Traveling In My Mind

February 21st 2009

The last few weeks I have done nothing except sit on the computer and read travel reports and blogs about motorcycle trips. Trips that seem crazy, yet I find myself wondering if they really are… As I read these amazing stories, I imagine what it would be like to take that same trip. What I would do and where I would go if the opportunity presented itself.

I have a trip planned to South Dakota with a good friend of mine and I can hardly wait for that day to come. I feel like a kid waiting for Christmas morning, yet I know what is to come and that makes the anticipation unbearable! Each year, my trips have gotten progressively longer and it will only be a matter of time before I will want more and more free time each year to satisfy this craving. I seem to plan more and more of my vacations around these "crazy" road trips and I love every minute of it. The planning, the anticipation, the unknown…
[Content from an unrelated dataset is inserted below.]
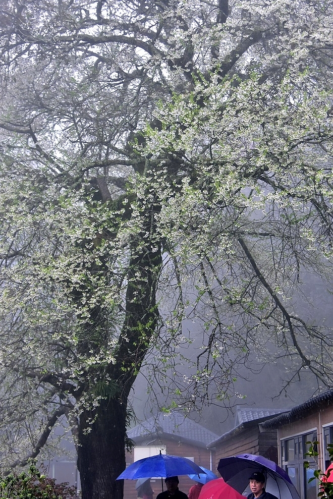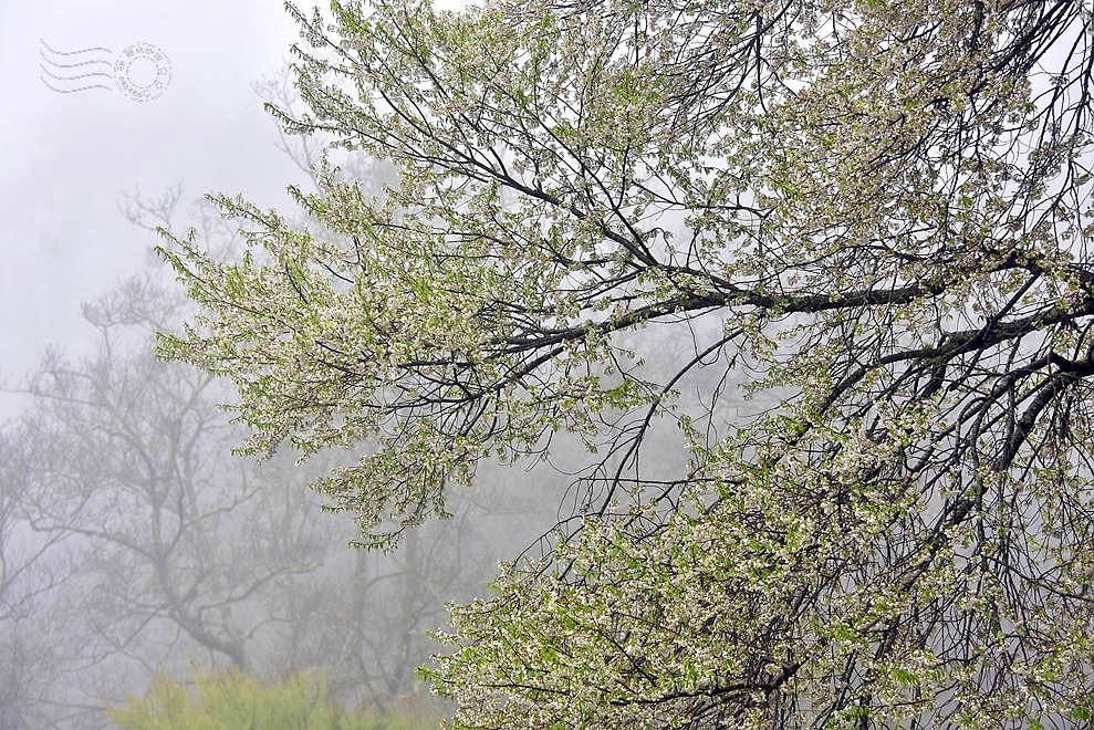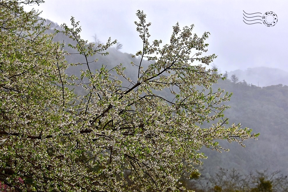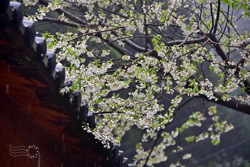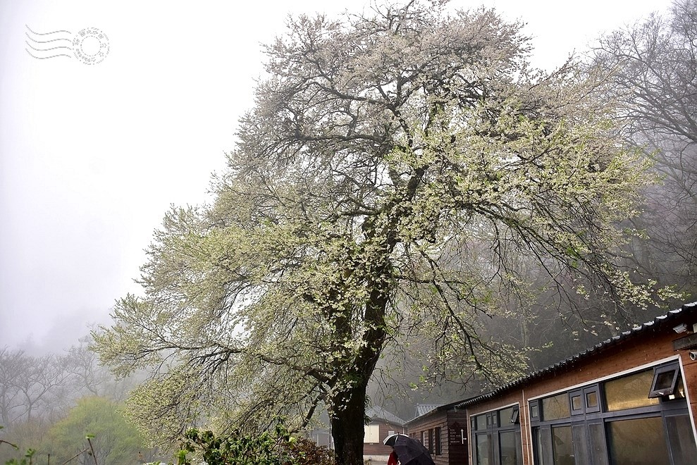 觀霧森林遊樂區位於新竹縣與苗栗縣交界處中高海拔的山區,終年都有雲霧繚繞,故有「觀霧」之美名。此刻滂沱大雨,霧氣濃重,滿開白花的櫻王,更充滿了神秘且浪漫的氣質。與其說如「三月雪」,卻更像透了光的冰霰。

I have been growing restless and wish that I had something to satisfy it. Some may say it's the cold weather, others may say I'm crazy, but I can really see how much I have changed in the last 4 years. I would have never considered moving away from my family and friends and yet now I constantly talk about moving south, somewhere warm…and why you ask….? One reason is for the ride and yet that seems like just an excuse. I want to experience something new, something different, something unknown. It all revolves around the saying that "life is short", which is very cliché and yet those three simple words have so much meaning. People talk about how short life is, but I'm sick of talking! I want to experience life and put into action what so many people have merely dreamed.